Cross-source queries
Join data across Postgres, Snowflake, MongoDB, and more in a single SQL statement, no ETL pipelines required.
What is DataFusion?
Apache DataFusion is a fast, extensible query engine written in Rust. It executes SQL against in-memory Apache Arrow columnar data, with a vectorized, streaming execution model and a pluggable table-provider interface that lets a host application feed it rows from any source. It is a top-level Apache project, used as the engine behind many analytical databases and data tools.
Arris embeds DataFusion to run cross-source queries: a single SQL statement that reads from several of your database connections at once and joins the results locally. DataFusion runs entirely in-process, so there is no cluster to deploy and no external service to call.
How it works
When you run a cross-source query, Arris hands it to the embedded DataFusion engine, which:
- Parses — the SQL is scanned for dotted table references to work out which connection each table belongs to.
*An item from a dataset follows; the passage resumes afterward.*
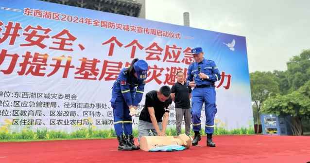 为迎接我国第16个防灾减灾日的到来,广泛宣传防灾减灾应急知识,提升人民群众自我保护意识和自救互救能力,5月11日上午,由东西湖区减灾委员会主办,区应急管理局、径河街道办事处、平安财产保险股份有限公司湖北分公司承办,区发改局、区科协、区教育局、区水务局、区气象局、区自然资源和规划局、区住建局、区农业农村局、区消防救援大队、区卫健局、径河街石家坡社区协办的主题为“人人讲安全,个个会应急—着力提升基层防灾避险能力”的宣传教育活动在码头潭公园东入口广场举行。
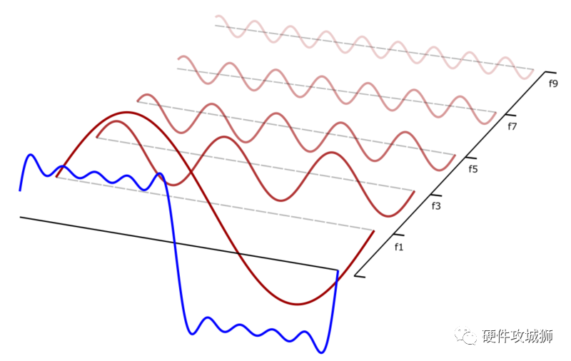 所幸在19世纪,法国数学家Jean-Baptiste Joseph Fourier提出了一种方法,可以将任意一个周期波形分解为一系列具有不同频率的正弦和余弦波,称为谐波(见图4)。其中第一个波为基波,是频率最低的波。其他几个波与基波相结合并给定振幅和频率。根据经验,波形形状偏离纯正弦波越多,其谐波就越多。

- Registers — each referenced table is registered with a DataFusion session as a custom table provider backed by that connection's native driver.
- Pushes down — column projections,
WHEREfilters, and row limits are translated back into SQL and pushed to each source, so only the needed rows and columns are pulled. - Executes — DataFusion streams the source rows as Arrow batches and runs the full query, performing the joins, aggregations, and sorting locally with its vectorized operators.
- Returns — the result is shown in the same results grid as any other query.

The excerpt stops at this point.